The First Circuit Court of Appeals issued a noteworthy decision earlier this month about one of the required notices for a Massachusetts foreclosure. The decision, Thompson v. JPMorgan Chase Bank, N.A., is included below.
Foreclosure Notice Requirement – “Paragraph 22”
This case concerns an interpretation of a foreclosure notice requirement commonly referred to as “paragraph 22.” This requirement is found in paragraph 22 of the standard mortgage agreement used in nearly every residential mortgage in the United States. Paragraph 22 requires that, prior to foreclosure, the mortgagee provide the borrower with several disclosures, including their right to cure the loan default and the right to reinstate the loan after acceleration, which was the subject of this appeal.
An acceleration of a loan is a demand by a lender to pay the entire balance of a loan prior to foreclosure. This generally comes after the borrower has defaulted on the loan, and is a sign that a foreclosure sale is forthcoming.

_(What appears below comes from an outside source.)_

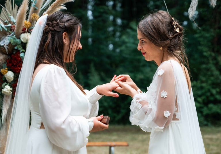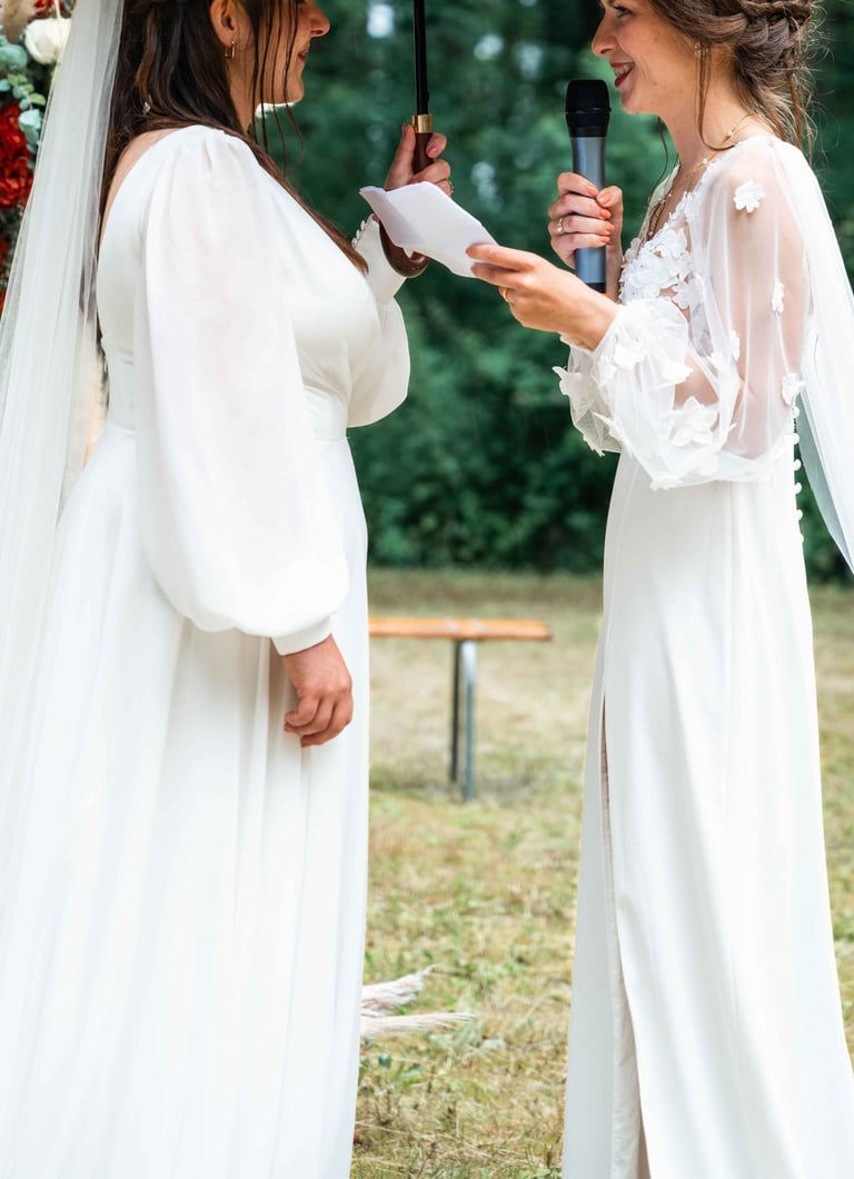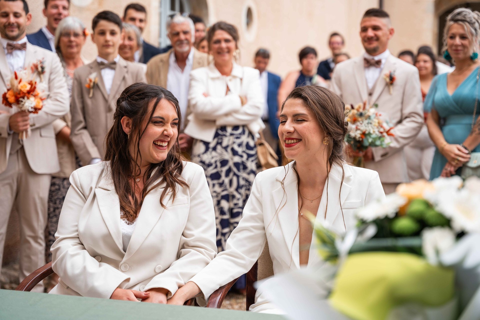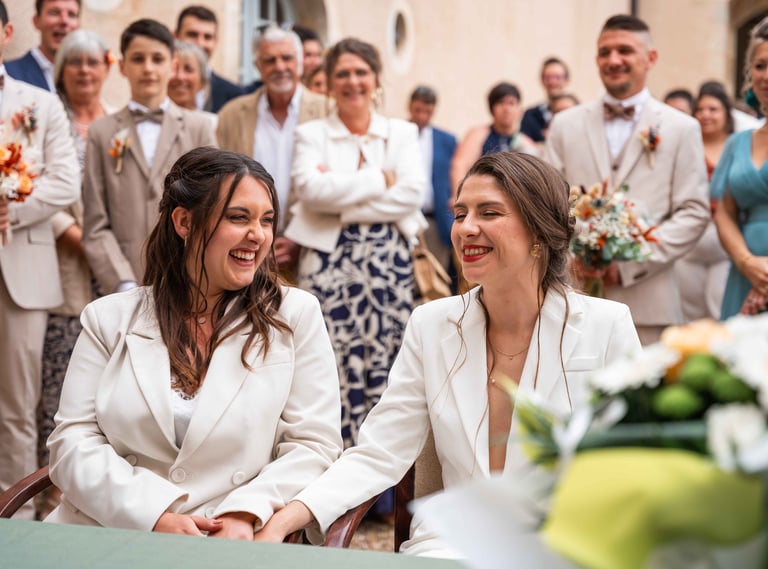 On perçoit tout de suite que nos deux mariées se sont bien trouvées, elles sont par ailleurs très bien entourées, en témoignent les nombreux discours touchants lors de la cérémonie laïque.

Strict Compliance for Paragraph 22 Notices
In Massachusetts, a lender is required to strictly comply with the paragraph 22 notice requirement. This comes from Pinti v. Emigrant Mortgage, a landmark 2015 Supreme Judicial Court decision. In Pinti, a minor mistake with one of the paragraph 22 notice provisions was grounds for invalidating a foreclosure sale.

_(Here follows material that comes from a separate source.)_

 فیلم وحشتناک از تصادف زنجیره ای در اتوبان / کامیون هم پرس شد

Here, the First Circuit held that a paragraph 22 notice sent to a borrower made the foreclosure sale void because it misrepresented the borrower’s rights. The notice told the borrower that he could reinstate his loan after acceleration . . . anytime before the foreclosure was to occur.
The problem? The borrower’s mortgage required this reinstatement to occur five days before a foreclosure sale. The First Circuit held that, because the paragraph 22 notice was misleading, it made the underlining foreclosure sale invalid.

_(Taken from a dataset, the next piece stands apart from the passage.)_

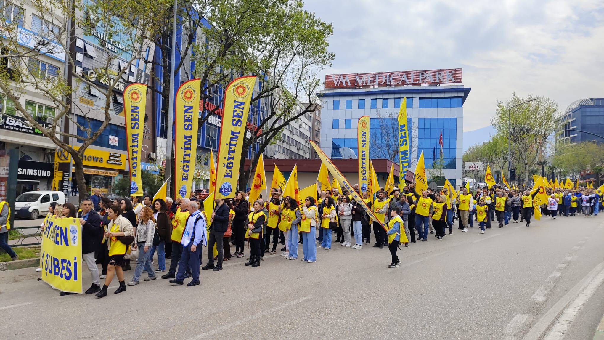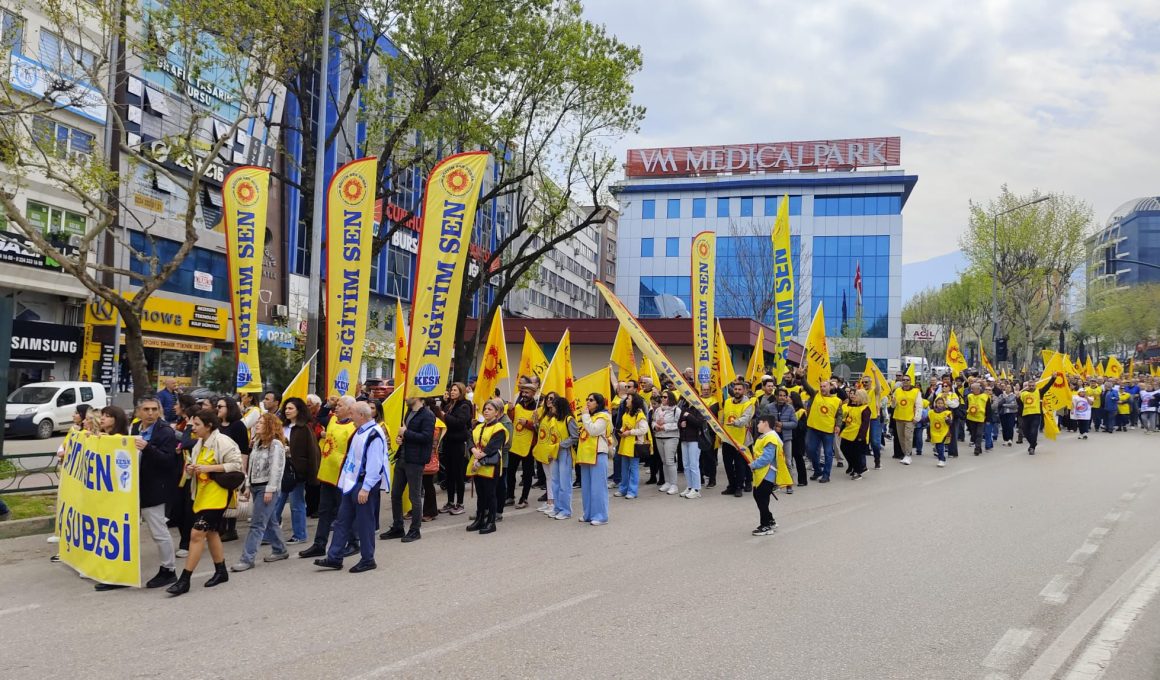 Bursa’da Eğitim Sen, Eğitim İş, TÖB-SEN, Hürriyetçi Eğitim Sen, Eğitim Gücü Sen, Öğretmenler Sendikası, Devlet Memurları Eğitim Sendikası’nın çağrısıyla Fomara meydanında bir araya gelen binlerce öğretmen il milli eğitim müdürlüğüne yürüdü. Eyleme Enternasyonal Dayanışma aktivistleri de katıldı.

A critical part of Thompson v. JPMorgan Chase Bank, N.A is that the borrower did not need to show prejudice from this error in the paragraph 22 notice. There was no allegation that the borrower was able to bring his loan current, waited until the day of the foreclosure sale to pay this money, and was denied due to this five-day deadline in his mortgage. This is keeping with an important part of Massachusetts foreclosure law: a foreclosure can be unlawful from an error in the foreclosure process even if the borrower was never harmed from it.
Thompson is an important reminder of the importance of a proper foreclosure notice in Massachusetts. Even the smallest errors in the foreclosure process can be viable grounds for defending against foreclosure.